Vinothen John

Personal information
- Full name: Vinothen John Bede Jeyarajasingham
- Born: 27 May 1960 (age 66) Colombo, Sri Lanka
- Batting: Right-handed
- Bowling: Right-arm medium-fast

International information
- National side: Sri Lanka (1975–1982);
- Test debut (cap 5): 4 March 1983 v New Zealand
- Last Test: 23 August 1984 v England
- ODI debut (cap 27): 12 September 1982 v India
- Last ODI: 30 October 1987 v England

Career statistics
| Competition | Test | ODI | FC | LA |
| Matches | 6 | 45 | 21 | 56 |
| Runs scored | 53 | 84 | 127 | 90 |
| Batting average | 10.59 | 9.33 | 9.07 | 9.00 |
| 100s/50s | 0/0 | 0/0 | 1/5 | 0/0 |
| Top score | 27* | 15 | 27* | 3* |
| Balls bowled | 1,281 | 2,311 | 3,603 | 2,827 |
| Wickets | 28 | 34 | 74 | 43 |
| Bowling average | 21.92 | 48.67 | 25.33 | 45.58 |
| 5 wickets in innings | 2 | 0 | 6 | 6 |
| 10 wickets in match | 0 | 0 | 0 | 0 |
| Best bowling | 5/60 | 3/28 | 6/58 | 3/22 |
| Catches/stumpings | 2/– | 5/– | 4/– | 6/– |
- Source: Cricinfo, 9 February 2016

= Vinothen John =

Sri Lankan cricketer (born 1960)

Vinothen Bede John (born 27 May 1960) is a former Sri Lankan cricketer who played in six Test matches and 45 One Day Internationals between 1982 and 1987.

==Domestic career==
After attending St Peter's College, Colombo, John played for the Nondescripts Cricket Club, Bloomfield Cricket and Athletic Club, Moratuwa Sports Club, Sinhalese Sports Club and continuously for over two decades in the Nationalised Services Cricket Tournament, representing the Ceylon Petroleum Corporation.

==International career==
John made his Test debut in Lancaster Park in New Zealand and had the scalps of Glenn Turner and Sir Richard Hadlee. The stocky right-arm seamer opened the bowling for Sri Lanka in the eighties in Tests and ODIs.

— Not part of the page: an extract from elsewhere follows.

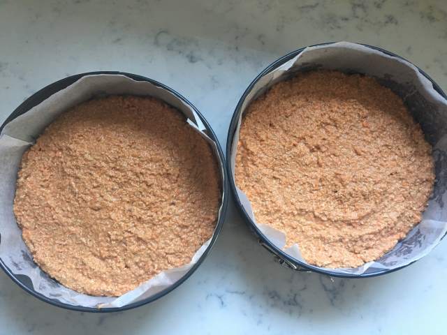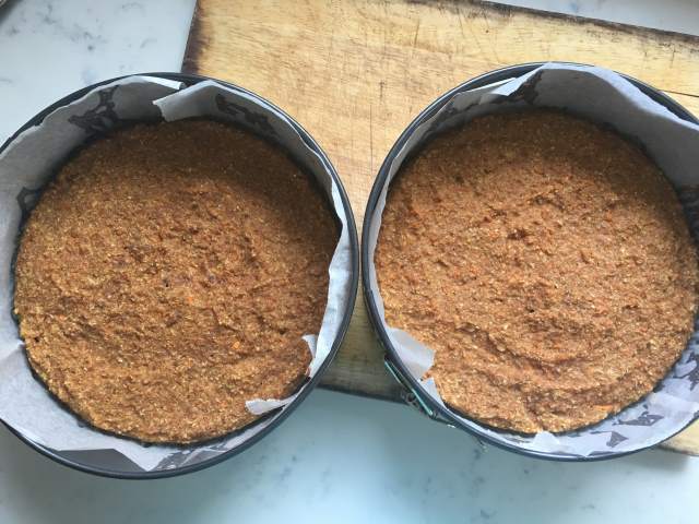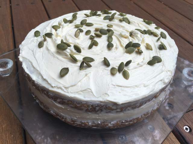 7) To make the frosting whip together 500 g of cream cheese with 3 tbsp of sweetener of your choice (add more or less to taste). Use 1/3 of the frosting in the centre of the cakes and then use the rest on the top, and if you like, around the sides. Festoon the cake with pumpkin seeds/pepitas or coconut shards, then serve.
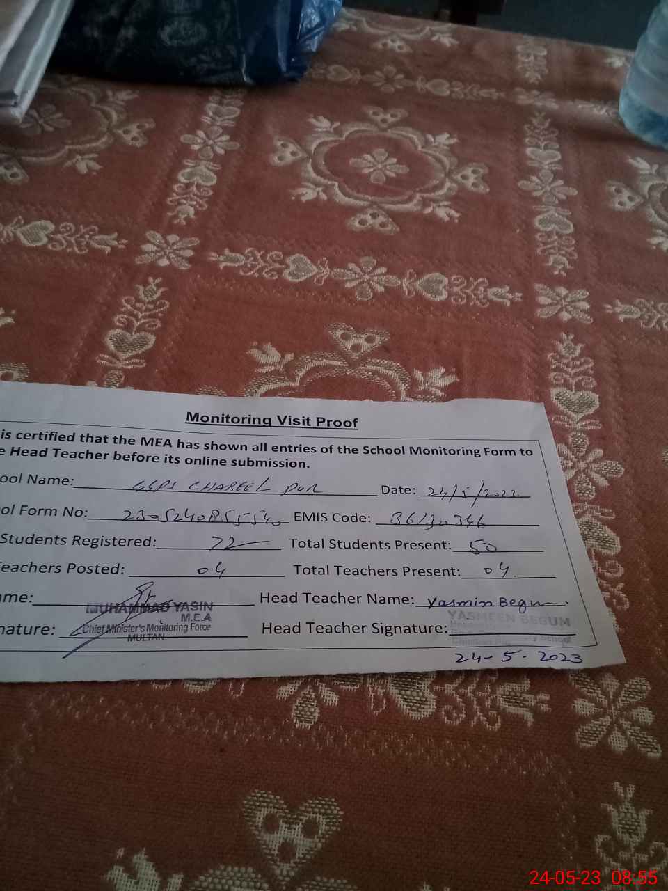 | Attendance Register | Head Teacher | MEA with School | Visit Proof |

John's Test career ended in the famous Lord's Test against England where he captured four wickets for 98 runs. He played six Tests, claiming an impressive 28 wickets (average 21.92), and took 34 ODI wickets (48.67) in 45 matches before retiring after the 1987 Cricket World Cup.